━━━━━ EXCERPTED RECORDS
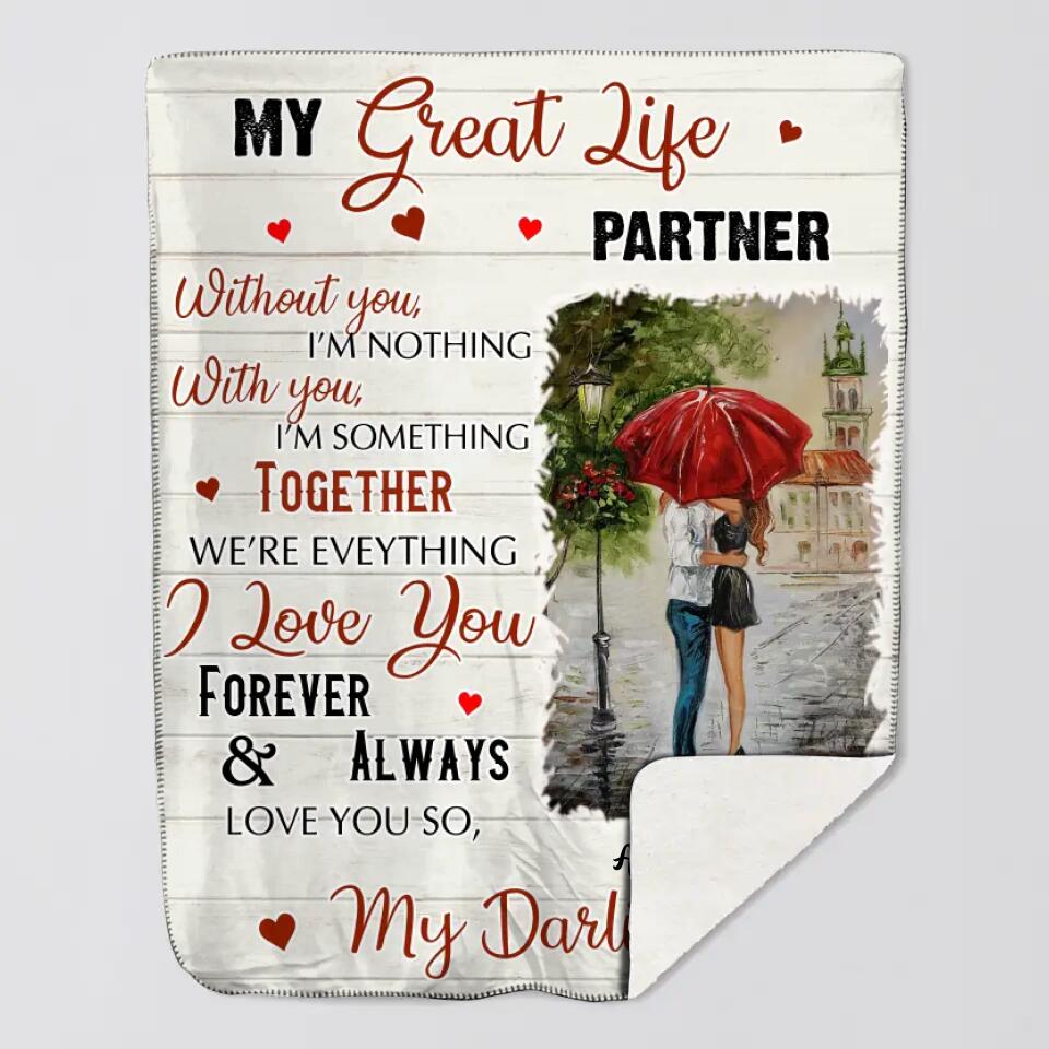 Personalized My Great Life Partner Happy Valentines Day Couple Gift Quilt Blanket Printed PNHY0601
━━━━━━━━━━
━━━━━ EXCERPTED RECORDS
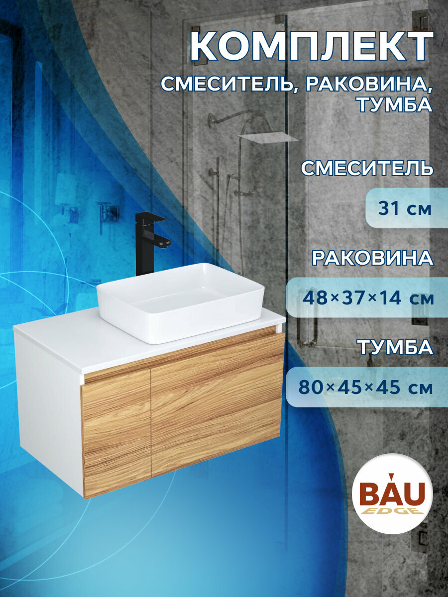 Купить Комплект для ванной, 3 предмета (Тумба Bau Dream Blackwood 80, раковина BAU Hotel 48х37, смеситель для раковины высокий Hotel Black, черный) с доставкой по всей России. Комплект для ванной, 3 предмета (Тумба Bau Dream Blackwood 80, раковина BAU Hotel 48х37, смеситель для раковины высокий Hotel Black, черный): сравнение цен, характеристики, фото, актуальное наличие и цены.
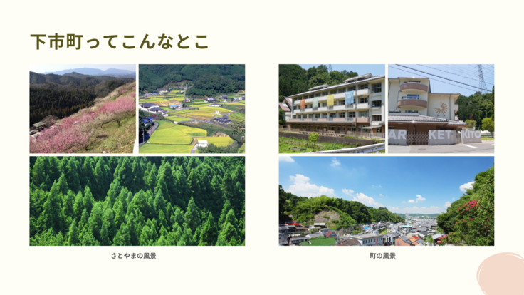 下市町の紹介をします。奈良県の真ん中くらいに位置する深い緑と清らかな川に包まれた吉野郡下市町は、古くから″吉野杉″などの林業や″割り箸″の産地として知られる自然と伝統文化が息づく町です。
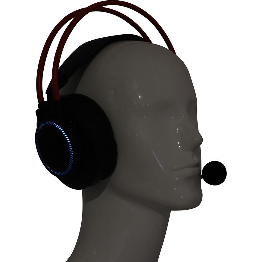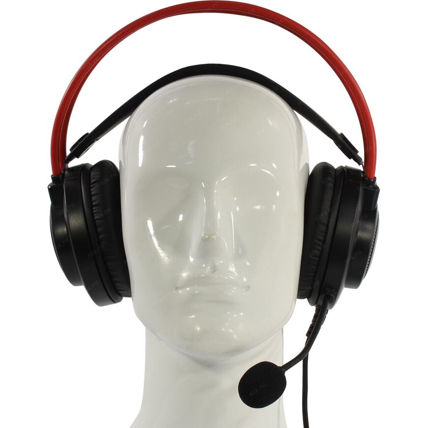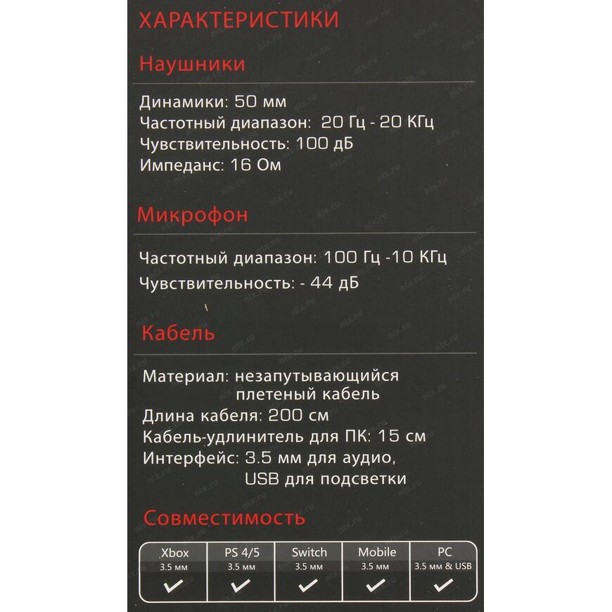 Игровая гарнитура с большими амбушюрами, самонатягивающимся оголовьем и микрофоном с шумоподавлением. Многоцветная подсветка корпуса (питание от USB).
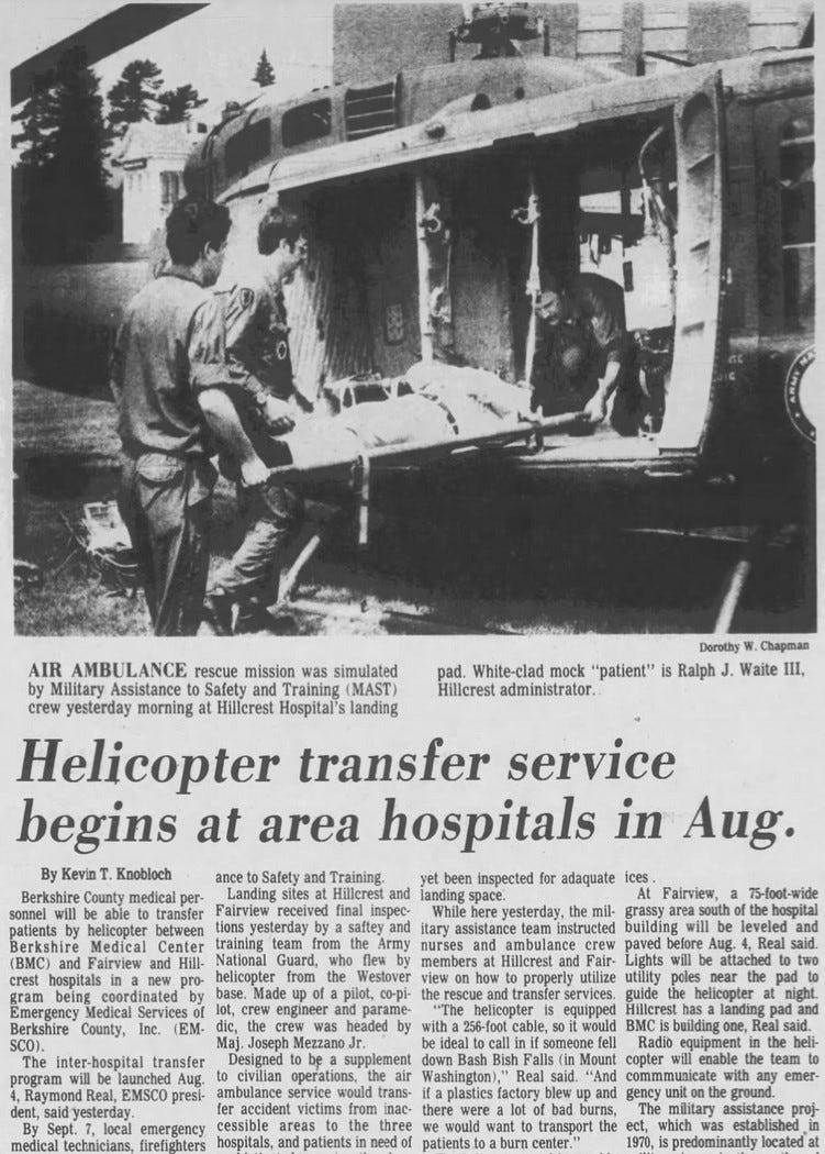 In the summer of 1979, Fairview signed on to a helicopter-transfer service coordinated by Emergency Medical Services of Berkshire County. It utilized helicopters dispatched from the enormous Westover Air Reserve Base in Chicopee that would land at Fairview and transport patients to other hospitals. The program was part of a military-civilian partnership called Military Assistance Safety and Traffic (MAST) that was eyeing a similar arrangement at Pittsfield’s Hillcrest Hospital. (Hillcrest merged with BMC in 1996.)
━━━━━━━━━━
Beginning with the line above that contains "Игровая гарнитура с" and ending with the line that contains "In the summer", quote each line exactly, keeping out the pictures.

 Игровая гарнитура с большими амбушюрами, самонатягивающимся оголовьем и микрофоном с шумоподавлением. Многоцветная подсветка корпуса (питание от USB).
 In the summer of 1979, Fairview signed on to a helicopter-transfer service coordinated by Emergency Medical Services of Berkshire County. It utilized helicopters dispatched from the enormous Westover Air Reserve Base in Chicopee that would land at Fairview and transport patients to other hospitals. The program was part of a military-civilian partnership called Military Assistance Safety and Traffic (MAST) that was eyeing a similar arrangement at Pittsfield’s Hillcrest Hospital. (Hillcrest merged with BMC in 1996.)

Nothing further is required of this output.